And she started telling me about him, the best of all the presidents. I listened, nodded, dosed, and came to, while Linda kept talking. She said that each room in his house – his living room, his study, his library – can tell more about his roots and inner qualities than dozens of books; she spoke about a lovely view of his native fields from his bedroom window, a rivulet, a far away grove, about his touching love of trinkets, each of them telling a story or a parable. She emphasized intelligence, honor and high moral standards of the finest specimen of American people.


On our way we made a stop at West Point.

The cadre cradle for the Pentagon greeted us with a drill – marching to military chants and sergeants’ commands. I stared at the cadets and wondered: where are they – right-flank johns, schwarzeneggers, rambos ? Not a single to be seen. Same story as at the Chester fair. Hunch-back bespectacled boys, club-footed plump girls, scrawny Puerto-Ricans, Chinese, Hindus.. John Silver would have referred to this gang as trash, and I started searching for arguments in favor of computer kids.

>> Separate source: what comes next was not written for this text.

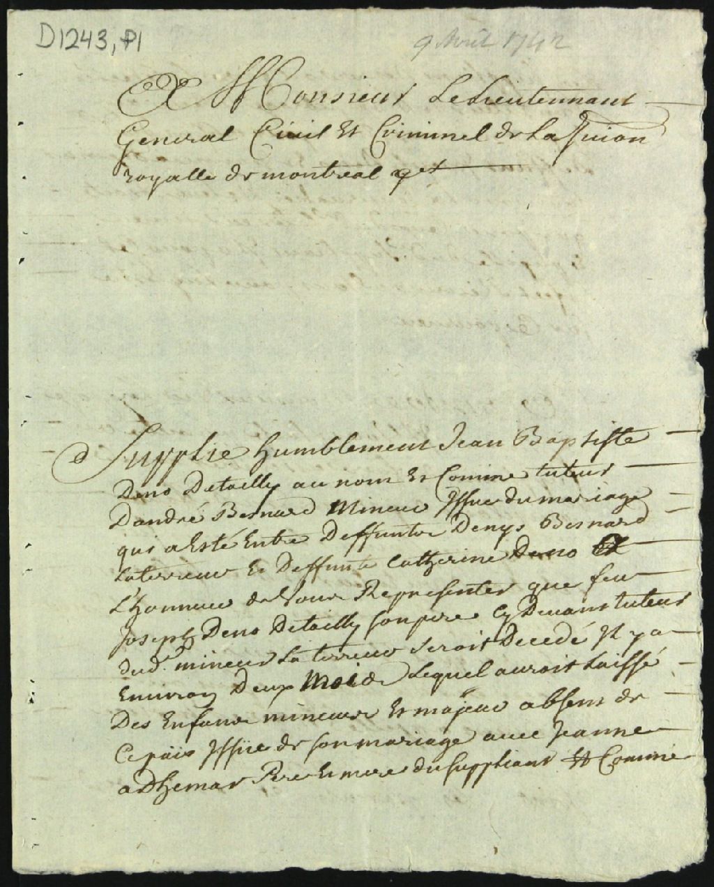 Tutelle d'André Bernard, enfant mineur des défunts Denis Bernard Laterreur [Benard] et Catherine Deneau Detailly]

Li caught my eye and smiled.

– The main thing is patriotism. They are raised as patriots. Patriotic education is the greatest achievement of American culture, our way of life. Don’t jump at conclusions.

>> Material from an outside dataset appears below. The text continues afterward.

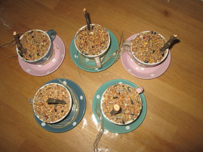 Deze bijzondere vogelvoer-kopjes werden verkocht en brachten maar liefst 45 euro op. Een mooi initiatief!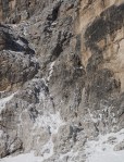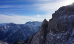 Od koče naprej ni hodil še nihče, ali pa je stopinje odneslo v večnost. Razmere so bile mešane: spihano do golega, zameti, skorja, ki je včasih držala, včasih ne, kopne skale, pogosto prevlečene z ledeno oblogo. Po drugi strani pa so bile na strmejših delih jeklenice večinoma zunaj. Nad zahtevnejšim delom sledi “samo” še tisto neskončno pobočje do vrha.

And I started nodding – sure, no doubt. And the location is so great – the Hudson.

– Îh, yeah! A view of Hudson – we call it the Hudson River – is something indeed. Can you help having the feel of your motherland here, where everything breathes history: struggle for independence, battles between the North and the South? The Hudson River – this very site figures in every history book. Every American knows about it the way your kids know about Stalingrad and encounter at the Elbe.

I kept nodding being unsure, if truth be told, of our children, or rather their mentors. And was amazed at the cleanliness around, at the delicious taste of the sandwich we’ve bought at the army kiosk, at well-groomed trees in the academy park: each had a tag with its inventory number attached on a nail with a spring so that it would not sway in the wind and jingle…

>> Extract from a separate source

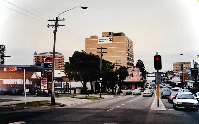 A photo from 1995 on The Boulevarde Strathfield facing the shops at the Strathfield Town Centre. The Ampol Petrol Station is long gone but many landmarks are still in place.

And then we were on the road again. Four hours one way proved exhausting. We were still tired from our flight and jet lag. And just to think that the way back would take as long…

But we had no time to give it a thought. Li parked with panache and said in a voice bearing no traces of fatigue:

– Yes! Here we are!

So we hurried on taking along our passports, money, notebooks and pens, “The History of the United States”, a dictionary, spare films for the camera and cassettes for the video cam – our first, purchased specifically for this trip. We took a path. The house – large and three-storey – loomed yellow behind a hedge. I tarried getting my camera and video cam ready, while Linda made it to the ticket office and stopped scrutinizing the prices. The framed sign over the cashier’s window had only two lines:

Adults– $ 28.

Students – $ 14.

Li leaned to the window and asked whether former USSR citizens were entitled to a discount. She studied the prices again. Then she thought for a moment and wrapped it up:

– Oh, no. It’s too much.

Then she turned and headed towards the car.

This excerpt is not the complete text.